The UNC Project Malawi community department comprises 13 members with diverse professions, nursing, public health, education and counselling. The team develops and implements recruitment and retention strategies while also providing ongoing outreach through community sensitization programs, coordination with community groups and tracing of study participants when appropriate. Its main objectives are to promote participation in the studies that are conducted by the Project and to act as a link between the community and the Project through the Community Advisory Board (CAB)

Through the department, UNC Project Malawi strives to educate communities on research that it conducts, and provides general education on health issues.

The community department works with different stakeholders to conduct engagement activities focused on HIV treatment and prevention, Cancer, pneumonia, malaria, mental health, COVID-19 and other emerging diseases.

The department arranges meetings with local leaders to dispel rumors, misconceptions and myths about research and various studies. The community department collaborates with partners to organize national and district health events such as World AIDS day, World Cancer Day, World Diabetes day and National TB day.


Community Advisory Board

UNC Project has an active community relations and outreach program. The Project is guided by a large, diverse and active Community Advisory Board (CAB) consisting of people living with HIV infection, previous study participants, traditional, civic, religious and political leaders; and representatives of key populations and youth.

Country Director Mr. Innocent Mofolo congratulates the elected Community Advisory Board from 2023.


The CAB gives inputs in the development of study Protocols, recruitment materials and strategies. The board meets on a monthly basis where staff members present new and ongoing studies highlighting successes and challenges being experienced. The CAB shares community emerging issues that they feel will have an impact on ongoing and upcoming research activities, this information helps in the planning process.


Dzama Orphan Care and School

Preschoolers in the rural village of Dzama, Malawi are among the more than 1,800 children who receive a daily egg and fortified porridge — and a fighting chance to grow, learn, and escape extreme poverty. The nutrition service is part of UNC Project-Malawi’s community outreach program.

Dzama Orphan Care is an example of UNC Project’s commitment to the community and people of Malawi.
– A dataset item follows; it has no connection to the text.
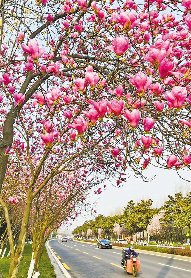 2月23日,在兩江新區金山大道,車輛從盛開的玉蘭花下駛過。記者 張錦輝 攝/視覺重慶

Dzama village, like places all over Malawi and sub-Saharan Africa, has been hit particularly hard by the AIDS crisis. Located about 15 miles from Lilongwe, Dzama was struggling to cope with a large number of AIDS orphans and lacked an adequate school and access to clean water. Dzama Orphan Care was established in 2004 to provide children orphaned by AIDS with nursery and primary education.

With initial funding from the Statistical Center for HIV/AIDS Research & Prevention (SCHARP) in Seattle and UNC professor Peter Gilligan, PhD, UNC Project oversaw the construction of a brick school with solar-powered electricity, and a toilet. Later, donations from Carolina Friends School allowed for the installation of a well to provide clean water to the village. The school employs three teachers who instruct the children, aged two to ten, in English, Chichewa, mathematics, etc. With donations from well-wishers, UNC Project has recently constructed a three bed-room house fitted with solar power to accommodate a Head Teacher. Government has acknowledged this development by upgrading the school into a Junior Primary School and has deployed government teachers.

UNC faculty members donated additional money to establish a nutrition and feeding program, which provides children with porridge every day. Attendance is up as a result, since hunger kept many students at home. An average of 170 pupils attend school every day at Dzama.